For this reason, perhaps, the gathering assumed a near riotous condition, and by sunset John Phillida approached my photographers with a concerned expression. ‘Time to come in now. These guys will stay out here all night so long as you are taking pictures. Now the police are here.’ Inside, a fusion dish of Cassava leaves, grilled tilapia and potato salad was served by a handful of women, virtually the only females at the event. The gender disparity is noteworthy. Certainly there has been a much larger influx of male Congolese to South Africa than female. And as to the absence of South African women, several of the sapeurs suggested that Congolese men simply do not regard them as being trustworthy. ‘We come from different cultures,’ Gur said plainly. ‘A South African woman will lie on the couch while you work. She expects things to be done for her, and that is not what Congolese men are used to, so they will rather save up to go back to the Congo and find a wife or a girlfriend, then bring her back here. This is a big new trend in the Congolese community here.’ A Kinshasa-bred friend, Manix Kupe, offered another view: ‘Congolese women are great in the Congo, but in South Africa they are a problem. They can call the police anytime, for any little thing. Then what? Who do you think the police are going to believe?’ It is often said by the more serious-minded researchers of sape that their extravagant clothes and pompous bodily movements are a means of transcending the grime and economic blight of Brazzaville. It seemed very likely to me that in South Africa the swagger and preen of la sape serves the additional purpose of masking an intractable sexual predicament—wary of black south African women, rejected by white south African women, and often too poor to return home for local brides, is it not possible they dress beyond their means to assert their masculinity, to affect real bearing in life?

As the black label count mounted I overheard libérateur untruthfully claiming that he was from Saint-Denis, opposite the stade de France, and was told that claiming a fashionable Paris arrondissement as a home-base was a trend amongst South Africa’s sapeurs. ‘Better than saying you are from Salt River, Parow or Goodwood,’ explained Gur.
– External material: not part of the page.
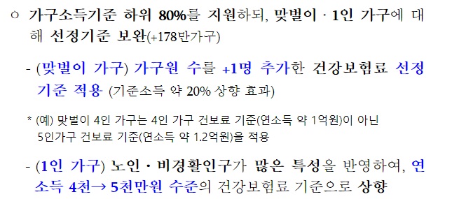 1인 가구의 경우에는 연소득 5천만 원 수준의 건강보험료 기준으로 상향, 맞벌이 가구는 기존 가구원수+1인 을 추가학 기준을 적용해서 지원이 확대됩니다.
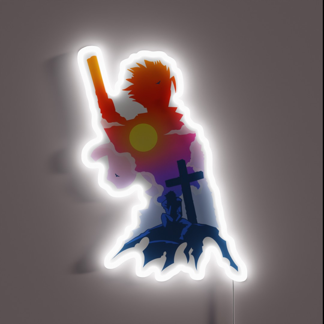 Elevate your space with the Trigun Vash X Wood Silhouette Art RGB Neon Sign, a vibrant and unique decorative piece featuring a stunning 3D silhouette of the beloved character Vash from the classic anime series.

This is an interesting bit of schizophrenia, and dovetails with linguistics Professor C.B. Vigouroux’s claim that ‘the majority (of Francophone migrants) did not initially plan to emigrate to South Africa’, and that ‘Job insecurity, economic precariousness, and an increasing climate of hostility and physical violence towards African outsiders have prompted many of them to want to “escape”, from what they characterize as a “prison”, or “grave”’. It is likely then, that the Sape in South Africa are party to a much greater delusion about the future prospects for Congolese expatriates. They create a parallel world in which participants can feel less excluded from the realities of power, wealth and influence than they really are. But one can easily get carried away talking about the politics of socioeconomic subcultures. Most of Parow’s Congolese peacocks were less reflexive about their interpretation of sapology, claiming it was simply about the enjoyment of clothes. When I asked Libérateur what challenges he had faced in South Africa he did not hesitate to say, ‘Shoes. You just can’t get a good leather shoe in this country. I have to order them over the internet, or get overseas friends to send them over.’